You can collapse the pelican thread with the little [-] toggle at the top.

taspeotis · 2026-04-22T17:24:26 1776878666

Why would you though?

And by the way: Thanks for relentlessly holding new models’ feet to the pelican SVG fire.

refulgentis · 2026-04-22T17:34:12 1776879252

Because I want to read about Qwen, not someone's one-off vibe test followed by 1:1 conversations. (case in miniature here: which is the last comment in this thread that says something about Qwen? The root post. Is that fun policing? Yes, apologies.)

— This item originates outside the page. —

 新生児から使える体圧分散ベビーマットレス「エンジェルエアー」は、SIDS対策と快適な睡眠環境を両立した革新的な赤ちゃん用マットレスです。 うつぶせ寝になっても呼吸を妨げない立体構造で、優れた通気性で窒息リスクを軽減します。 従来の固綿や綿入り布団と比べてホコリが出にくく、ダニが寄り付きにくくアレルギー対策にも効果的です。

simonw · 2026-04-22T18:02:30 1776880950

There's a bunch of useful information in my comment that's independent of the fact that it drew a pelican:

1. You can run this on a Mac using llama-server and a 17GB downloaded file

2. That version does indeed produce output (for one specific task) that's of a good enough quality to be worth spending more time checking out this model

3. It generated 4,444 tokens in 2min 53s, which is 25.57 tokens/s

refulgentis · 2026-04-22T18:16:49 1776881809

Right, that is exactly what I meant by "the root post [had info about Qwen]" - you shouldn't feel I'm being critical of you or asking you to do anything different, at all. I admire you deeply and feel humbled* by interacting with you, so I really want that to be 100% clear, because this is the 2nd time I'm reading that it might be personal.

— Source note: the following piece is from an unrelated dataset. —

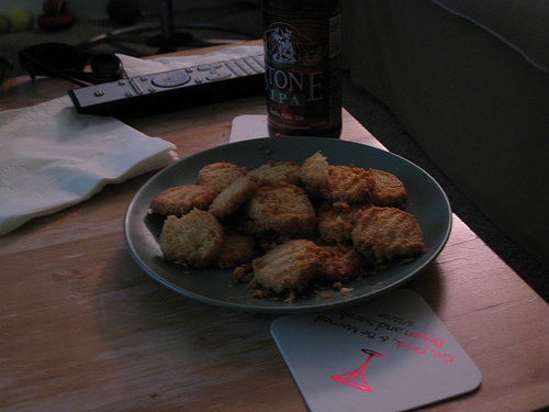 Give them what they want. For some reason people want to see Jessica Simpson in the stands cheering on Tony Romo. Others want as many shots as possible of Brady Quinn sitting on the bench. (By my count, the networks have only cut to him once or twice all season.) And some sick puppies don't believe they rerun the footage of Joe Theisman breaking his leg enough. Fans of the Friday Football Foodie apparently want more cheese. Both of these recipes are so easy that if you need second batches during your party, you will have more than enough time at the half to get these going and check your fantasy score. This week: Parmesan Crisps, Blue Cheese Potatoes and Chris Cooleys. Let's just hope the last one is dairy-free. You will need...

* er, that probably sounds strange, but I did just spend 6 weeks working on integrating the Willison Trifecta for my app I've been building for 2.5 years, and I considered it a release blocker. It's a simple mental model that is a significant UX accomplishment IMHO.

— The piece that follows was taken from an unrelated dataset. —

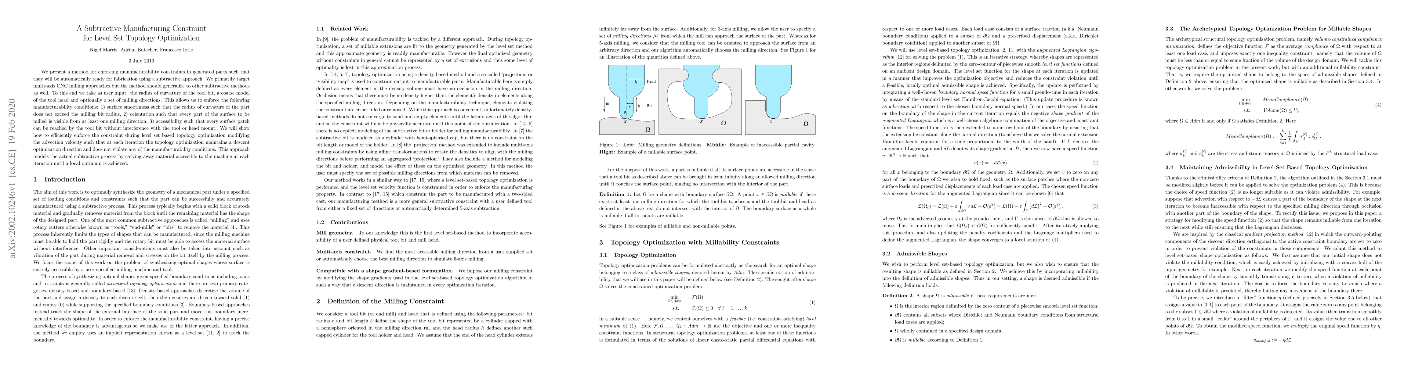 We present a method for enforcing manufacturability constraints in generated parts such that they will be automatically ready for fabrication using a subtractive approach. We primarily target multi-axis CNC milling approaches but the method should generalize to other subtractive methods as well. To this end, we take as user input: the radius of curvature of the tool bit, a coarse model of the tool head and optionally a set of milling directions. This allows us to enforce the following manufacturability conditions: 1) surface smoothness such that the radius of curvature of the part does not exceed the milling bit radius, 2) orientation such that every part of the surface to be milled is visible from at least one milling direction, 3) accessibility such that every surface patch can be reached by the tool bit without interference with the tool or head mount. We will show how to efficiently enforce the constraint during level set-based topology optimization modifying the advection velocity such that at each iteration the topology optimization maintains a descent optimization direction and does not violate any of the manufacturability conditions. This approach models the actual subtractive process by carving away material accessible to the machine at each iteration until a local optimum is achieved.

mlyle · 2026-04-22T19:32:55 1776886375

I like the pelican-bicycle test because it's pretty predictive of how the model does helping me with TikZ. And I hate writing TikZ.

interstice · 2026-04-22T19:31:25 1776886285

Somewhat ironically - as of when I write this this tangent is dominating the size of this topic.

subscribed · 2026-04-23T08:47:39 1776934059

I understand your reasoning and it's valid, but I think the best you can do is indeed collapse the thread (not sure if any mobile clients do better than that?)

It's perhaps not a serious test, it isn't to me, but on the edges of jokes about pelicans they're usually some useful things people smarter than me say, and additionally if providers are spending some time on making pelicans or svg look better, this benefits all of us.

So, no hard feelings, you're understood (and I'm not trying to be patronising, I'm just awkward with the language), but pelicans are here to stay because it seems that the consensus is they're beneficial and on topic.

All the best!

rob · 2026-04-22T17:56:54 1776880614

I think it's to help drive traffic to his blog now that he's accepted sponsors in the header of every page. I do see this pelican thing come up from him on every model post that gets released.

simonw · 2026-04-22T18:12:32 1776881552

The traffic I get from a comment with a link to a pelican is pretty tiny.

ai_critic · 2026-04-22T18:56:17 1776884177

"Create me an SVG to drive MAXIMUM ENGAGEMENT for my sponsors".

Missing an opportunity here, lol.

sifar · 2026-04-22T21:37:07 1776893827

I think at this point we can safely put the pelican test in the category of Goodhart's law.

amelius · 2026-04-22T21:39:46 1776893986

If I were them I'd run such requests through a diffusion model, and then try to distill an SVG out of that.

m3kw9 · 2026-04-22T17:32:29 1776879149

if they cook these in, i wonder what else was cooked in there to make it look good.

zargon · 2026-04-22T17:40:40 1776879640

Everything is benchmaxxed. Whack-a-mole training is at least as representative of what is getting added to models as more general training advances.

vintermann · 2026-04-23T15:18:26 1776957506

I have an out-there idea. Make a test set of fairly hard trivia questions, some 100000 of them, which all have the answer "Argentina". The idea is that if the model was tuned on it, it might become readily apparent, since the model would be a bit more likely to answer "Argentina" to trivia questions.

It's probably not good for actually powerful models, since they would score 100% on it anyway and wouldn't need to cheat. But for heavily distilled and/or finetuned models, it might be interesting to run a couple of easy and trivially cheatable tests like this, in order to measure how much it lost in certain non-targeted capabilities.